## WHAT THIS TASK INVOLVES
Skip every picture while you write out the records below, from the first line through the one that contains "注:*表示一個房間有2人感染", both ends kept.
━━ RECORDS SHOWN
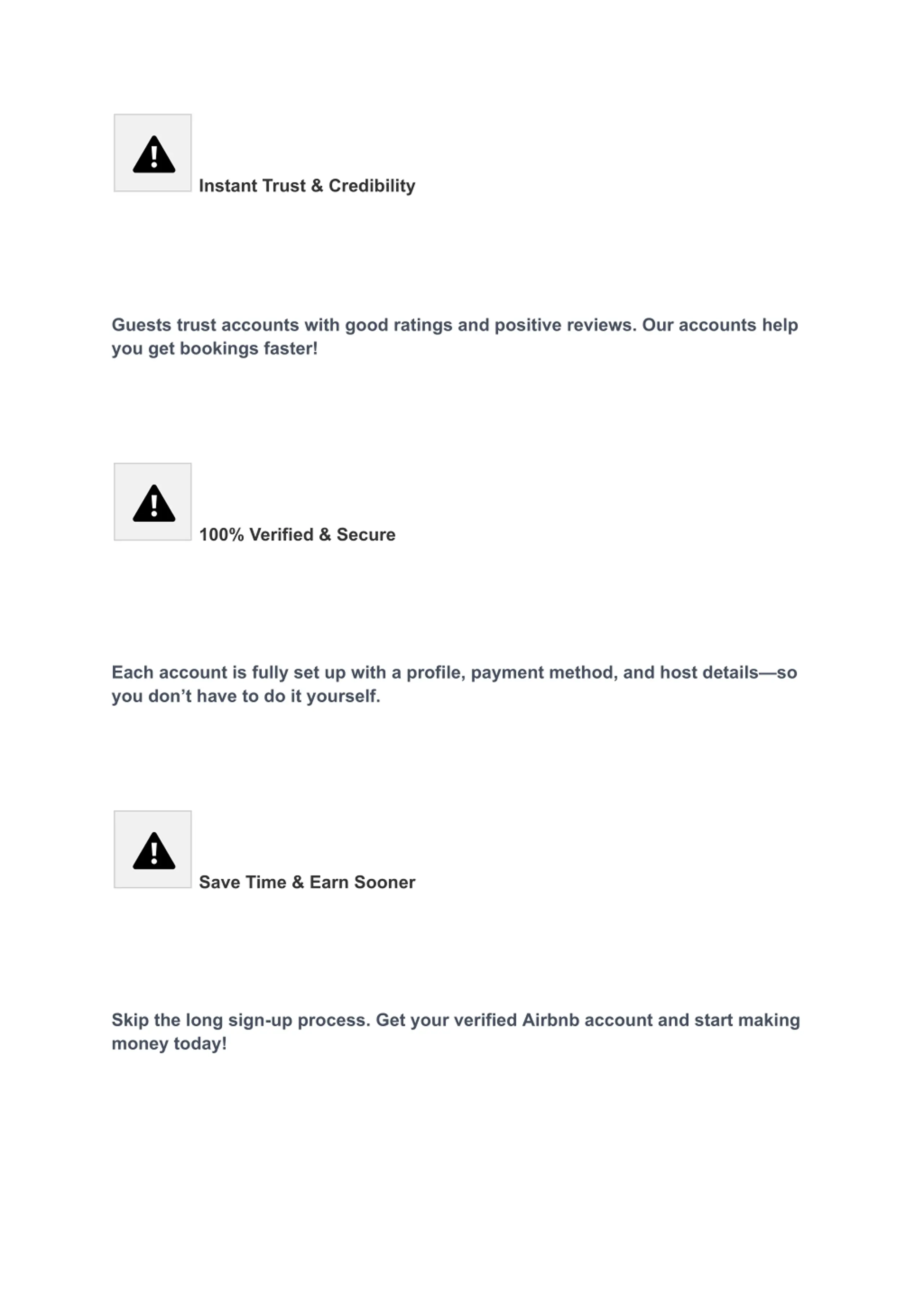 9. Experienced and Trusted Team We ve been doing this for years. We know how to do it right. 10. Your Money Is Safe With Us If something goes wrong, you get a full refund. Buy With Confidence! When you buy from us, you get a smooth and safe experience. Get your Airbnb account today!
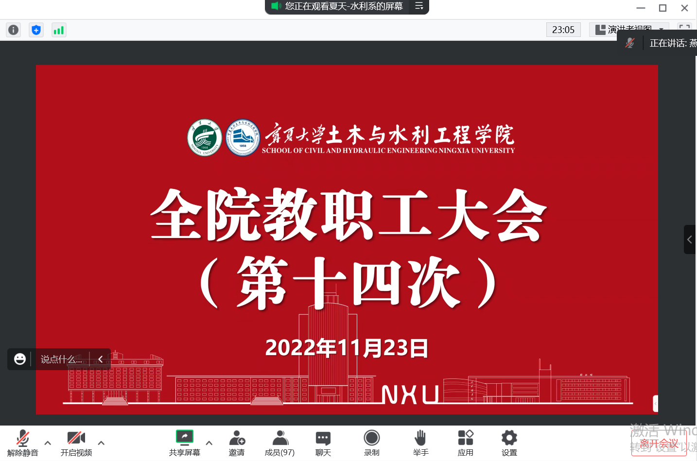 会上,毛明杰院长通报了学院经费使用与报账情况;李王成副院长介绍了关于六合彩网上投注app承办“2022丝绸之路智慧水利与低碳能源国际产学研用合作研讨会”的相关事宜,安排部署了期末考试有关工作;刘海峰副院长通报了近期科研工作以及研究生相关工作安排;苏宇静副书记传达了《宁夏大学校园疫情防控通告》9号文件精神;徐利岗副院长组织全院教职工投票选举出六合彩网上投注app“工会积极分子和优秀工会干部”。
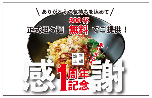 正式担々麺 進辛正麺が開店より1周年を迎えました。1周年を記念して、300杯無料でご提供!
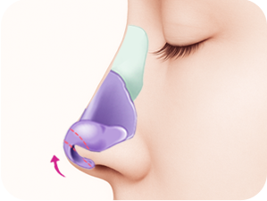 鼻先の軟骨を切除し、鼻中隔延長術を用いて鼻軟骨を移動させた後、固定して垂れた鼻先を持ち上げます。
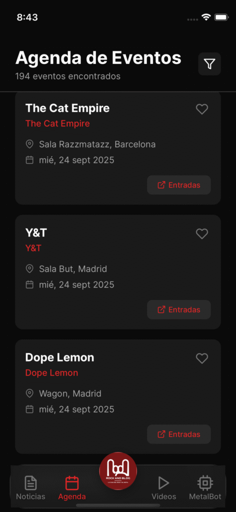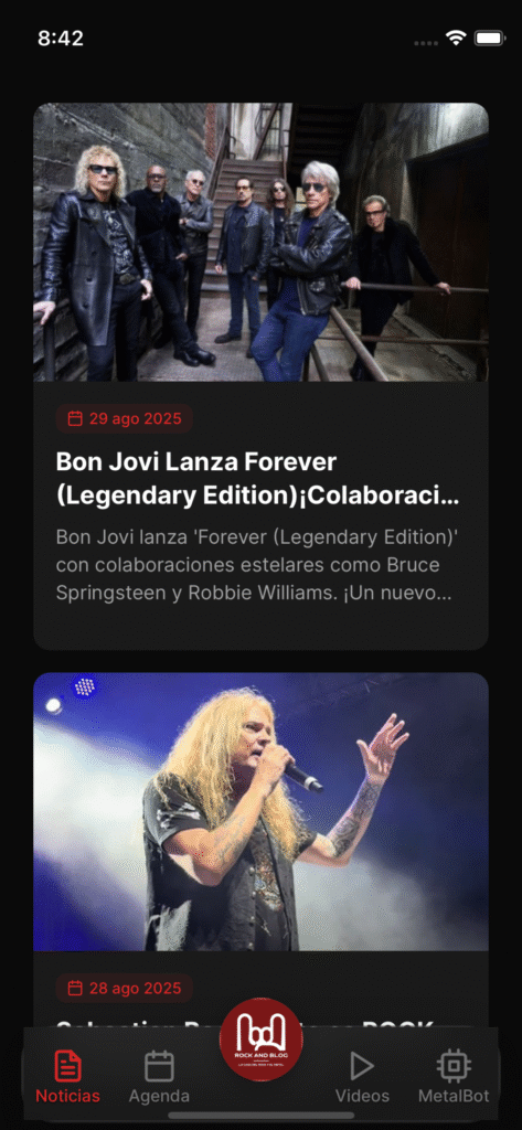Con RockForge tendrás en la palma de tu mano todo lo que necesitas para estar conectado con la escena rock y metal: noticias, vídeos, conciertos, un asistente de IA especializado y mucho más.
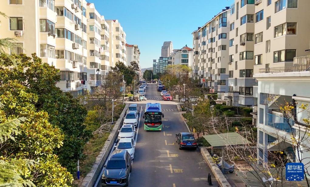 11月30日,一辆“邻里巴士”开出青岛西海岸新区孙家沟社区(无人机照片)。
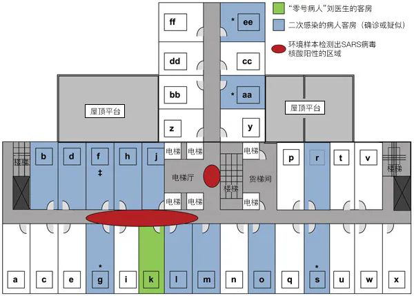注:*表示一個房間有2人感染;?表示“零號病人”曾在這個房間逗留(來源:wwwnc.cdc.gov[5])
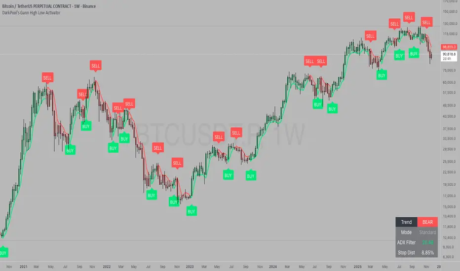 Heikin Ashi Smoothing: Standard price candles can produce erratic signals due to wicks and short-term volatility. This script includes a "Calculation Mode" setting that allows the Gann logic to run on Heikin Ashi average prices. This smoothes out price data, helping traders stay in trends longer by ignoring temporary pullbacks.
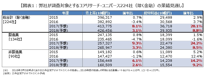 弊社は調査対象とする主要企業224社(金融を除く)について、2017年度の売上高は413.8兆円(前年度比+8.1%)、経常利益は36.7兆円(同+20.1%)の着地を予想しています(図表1)。さらに、2018年度は売上高が426.5兆円(同+3.1%)、経常利益が39.9兆円(同+8.8%)と、伸び率は幾分鈍化するものの、前年度に続き増収増益を見込んでいます。製造業(134社)と非製造業(90社)に区分した場合でも、そろって増収増益が続く見通しです。
━━━━
## ANSWER TO THIS TASK
 9. Experienced and Trusted Team We ve been doing this for years. We know how to do it right. 10. Your Money Is Safe With Us If something goes wrong, you get a full refund. Buy With Confidence! When you buy from us, you get a smooth and safe experience. Get your Airbnb account today!
 会上,毛明杰院长通报了学院经费使用与报账情况;李王成副院长介绍了关于六合彩网上投注app承办“2022丝绸之路智慧水利与低碳能源国际产学研用合作研讨会”的相关事宜,安排部署了期末考试有关工作;刘海峰副院长通报了近期科研工作以及研究生相关工作安排;苏宇静副书记传达了《宁夏大学校园疫情防控通告》9号文件精神;徐利岗副院长组织全院教职工投票选举出六合彩网上投注app“工会积极分子和优秀工会干部”。
 正式担々麺 進辛正麺が開店より1周年を迎えました。1周年を記念して、300杯無料でご提供!
 鼻先の軟骨を切除し、鼻中隔延長術を用いて鼻軟骨を移動させた後、固定して垂れた鼻先を持ち上げます。
Con RockForge tendrás en la palma de tu mano todo lo que necesitas para estar conectado con la escena rock y metal: noticias, vídeos, conciertos, un asistente de IA especializado y mucho más.
 11月30日,一辆“邻里巴士”开出青岛西海岸新区孙家沟社区(无人机照片)。
注:*表示一個房間有2人感染;?表示“零號病人”曾在這個房間逗留(來源:wwwnc.cdc.gov[5])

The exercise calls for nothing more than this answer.